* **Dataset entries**
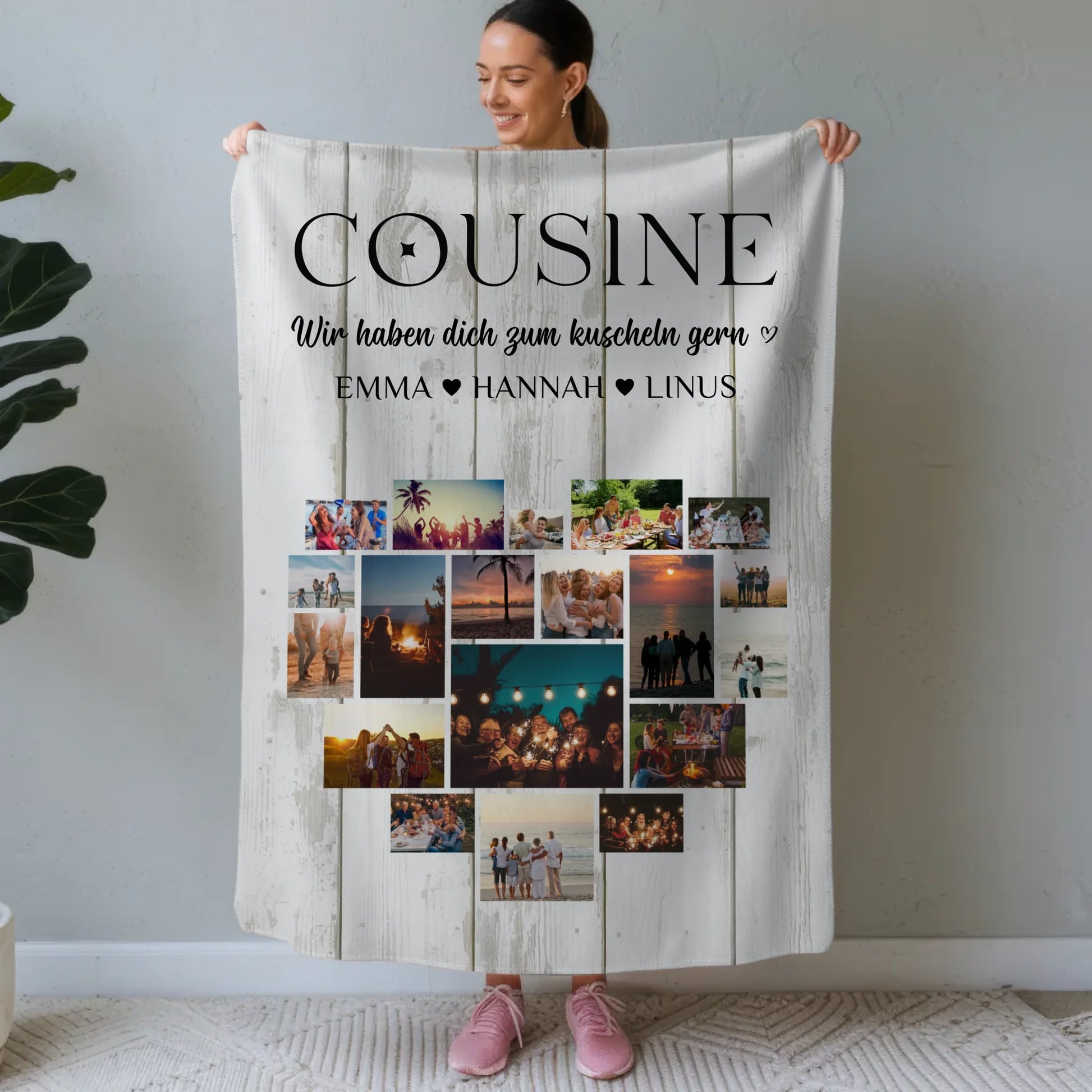 Personalisierte Kuscheldecke Cousine Fotocollage Herzfoto – Dein einzigartiges Geschenk
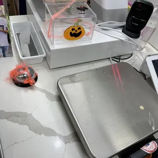 It's in a food court/ gas station. You get the frozen yogurt you want. Then you go to the toppings behind and put on whatever you would like. They have a lot of really tasty toppings! Got what each wanted! Then went to check out! Scanned my cell to get the points and the worker was really nice! Great service and delicious frozen yogurts with great toppings! Highly recommended!
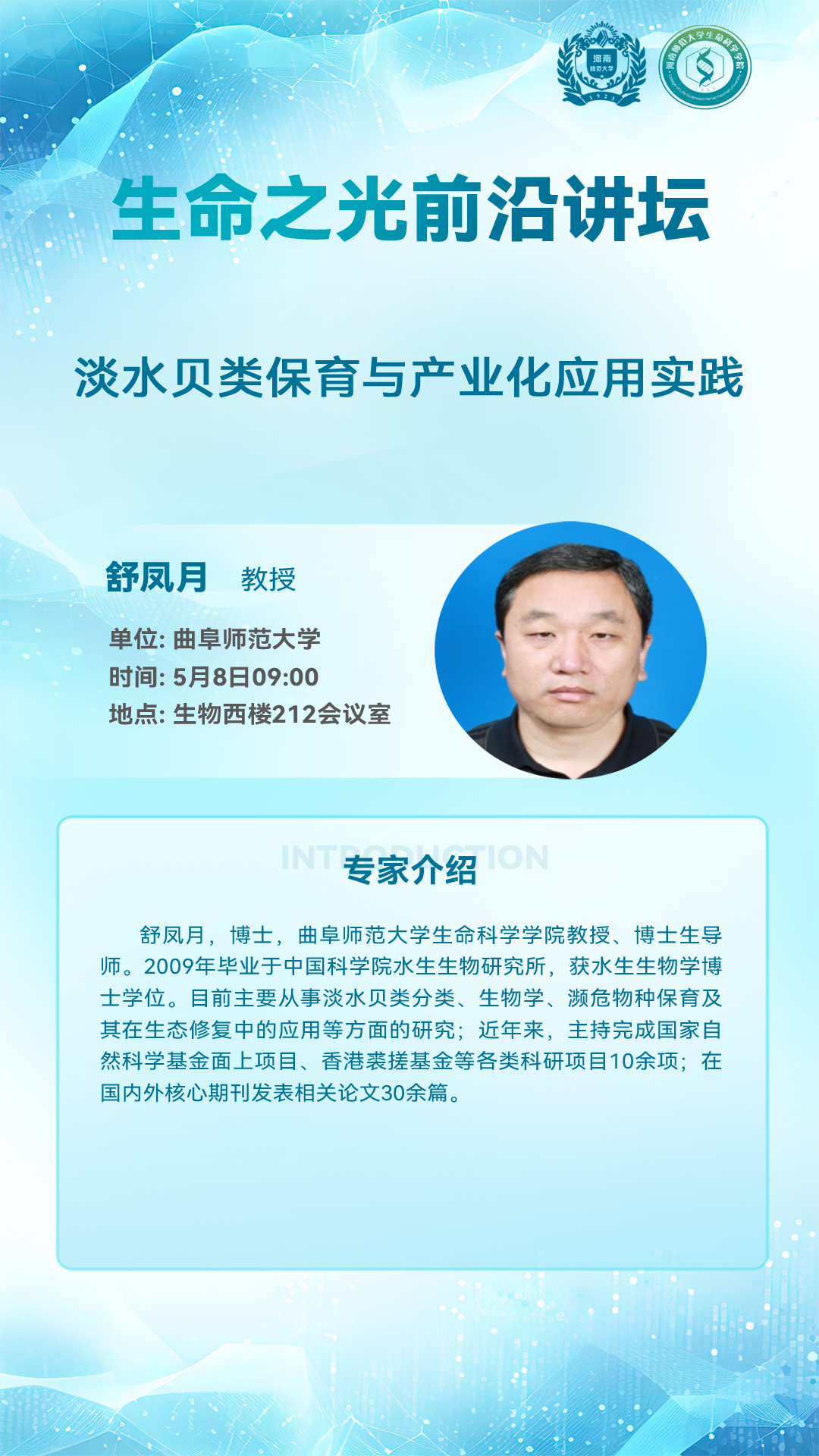 曲阜师范大学舒凤月教授将应邀做客“生命之光前沿讲坛”
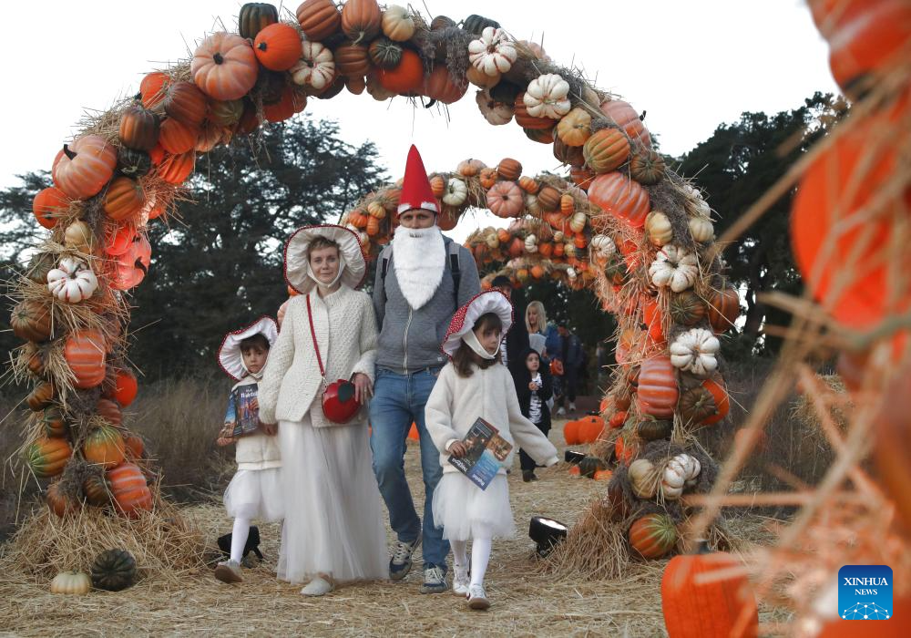 People in festive attire attend the Nightfall event at the Filoli Historic House & Garden in Woodside, California, the United States, Oct. 3, 2025. The second Nightfall opened here on Friday and will last till Nov. 10. (Photo by Liu Yilin/Xinhua)
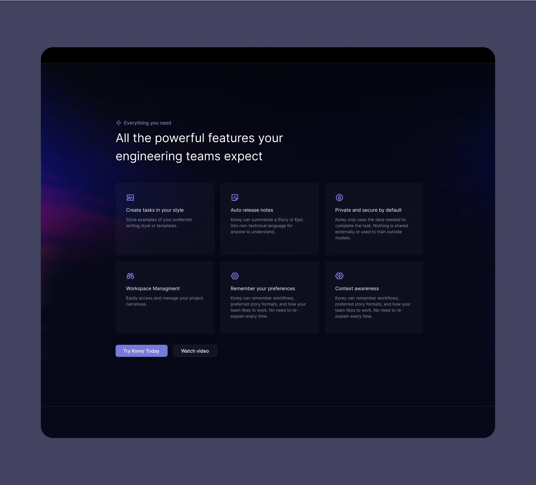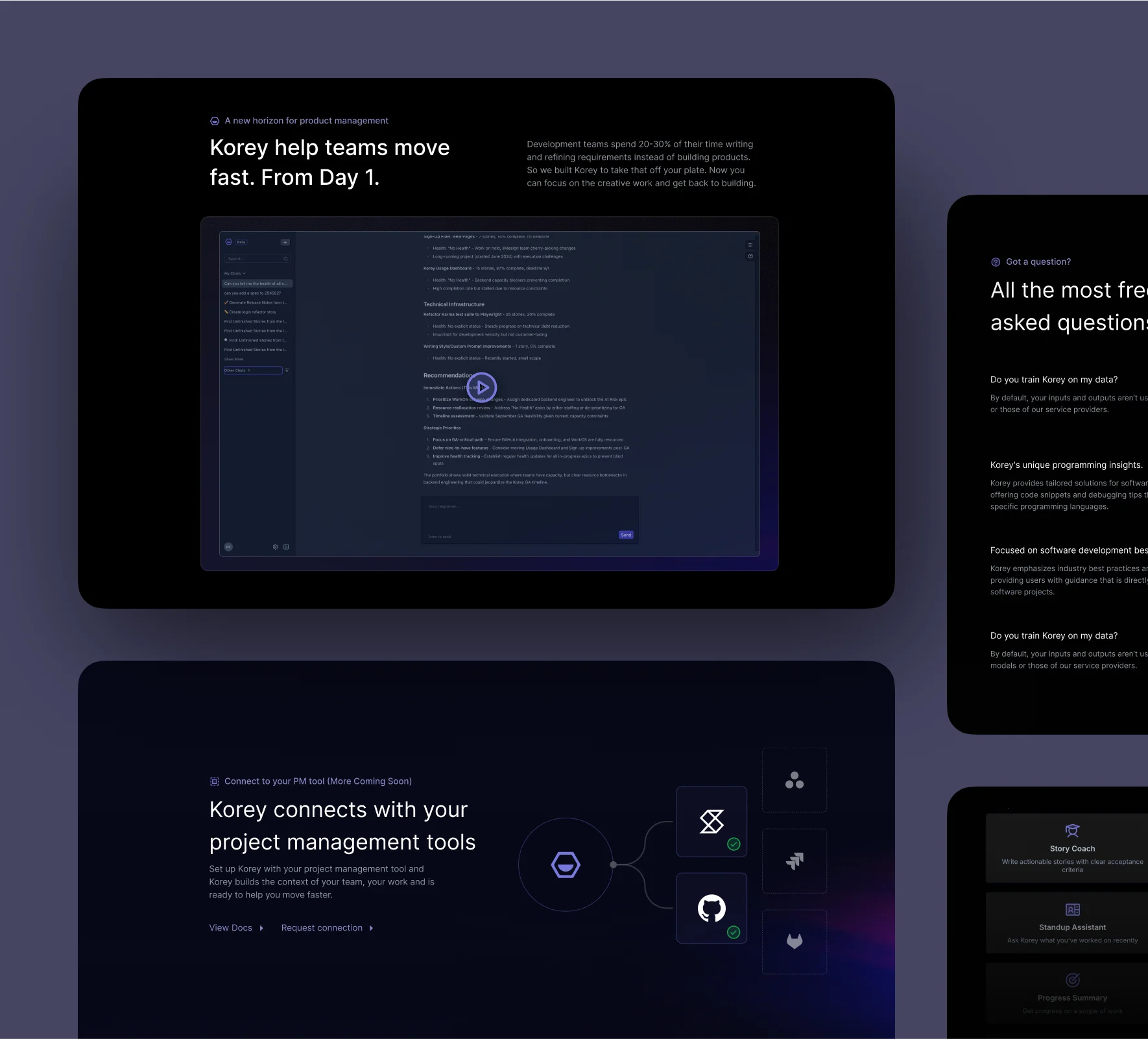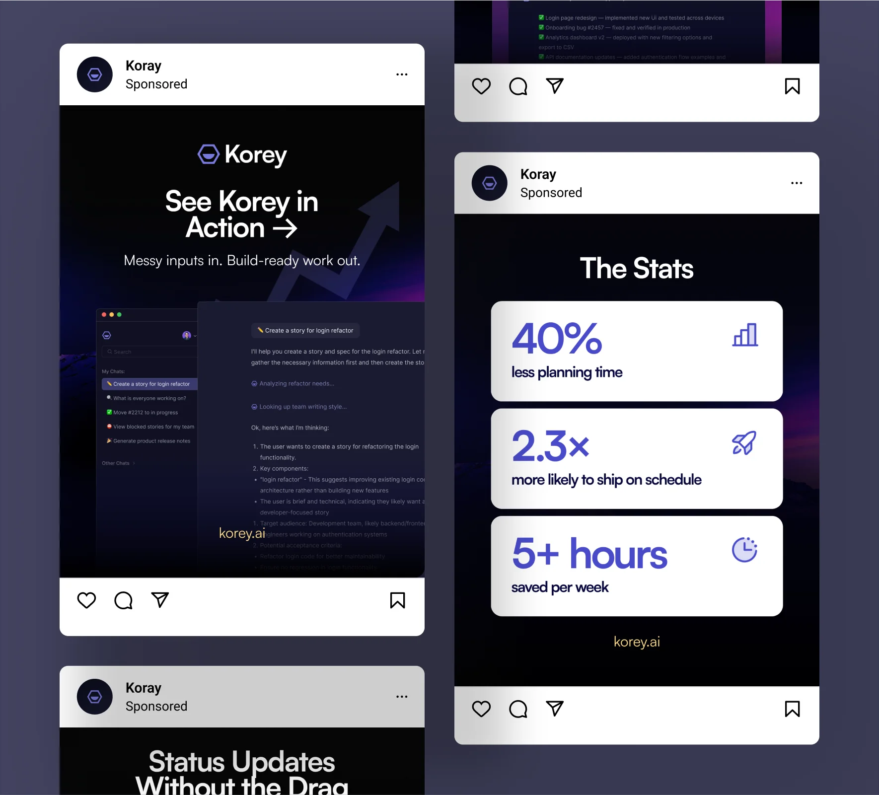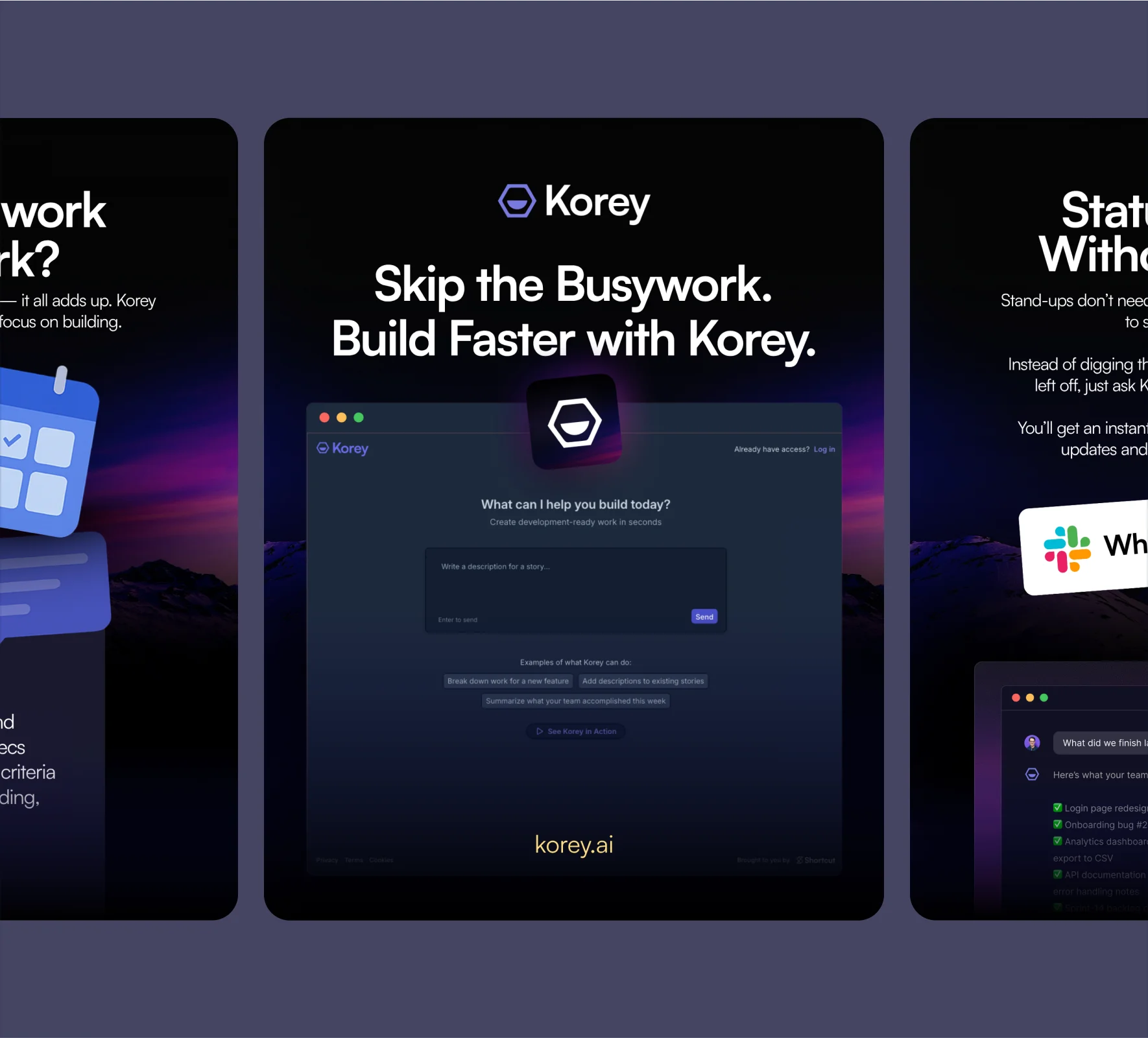 Having long supported Shortcut through our 5Four Unlimited retainer, we were thrilled to help bring their AI-powered product Korey.ai to life. Korey acts as an intelligent project management agent that plugs directly into Shortcut—turning ideas into fully structured Stories, assigning tasks, updating workflows, and surfacing real-time status insights. 5Four handled the web development, aligning closely with Shortcut’s brand and technical standards. We also designed essential marketing collateral, social media assets, and supporting visuals to help introduce Korey to the world. The result: a cohesive and polished digital launch that extended our ongoing partnership and positioned Korey as a seamless extension of the Shortcut platform.

* **Exercise goal**
In the records above, find the line that contains "It's in a food". Print it and every later line exactly, omitting the pictures.

* **Output of the task**
 It's in a food court/ gas station. You get the frozen yogurt you want. Then you go to the toppings behind and put on whatever you would like. They have a lot of really tasty toppings! Got what each wanted! Then went to check out! Scanned my cell to get the points and the worker was really nice! Great service and delicious frozen yogurts with great toppings! Highly recommended!
 曲阜师范大学舒凤月教授将应邀做客“生命之光前沿讲坛”
 People in festive attire attend the Nightfall event at the Filoli Historic House & Garden in Woodside, California, the United States, Oct. 3, 2025. The second Nightfall opened here on Friday and will last till Nov. 10. (Photo by Liu Yilin/Xinhua)
 Having long supported Shortcut through our 5Four Unlimited retainer, we were thrilled to help bring their AI-powered product Korey.ai to life. Korey acts as an intelligent project management agent that plugs directly into Shortcut—turning ideas into fully structured Stories, assigning tasks, updating workflows, and surfacing real-time status insights. 5Four handled the web development, aligning closely with Shortcut’s brand and technical standards. We also designed essential marketing collateral, social media assets, and supporting visuals to help introduce Korey to the world. The result: a cohesive and polished digital launch that extended our ongoing partnership and positioned Korey as a seamless extension of the Shortcut platform.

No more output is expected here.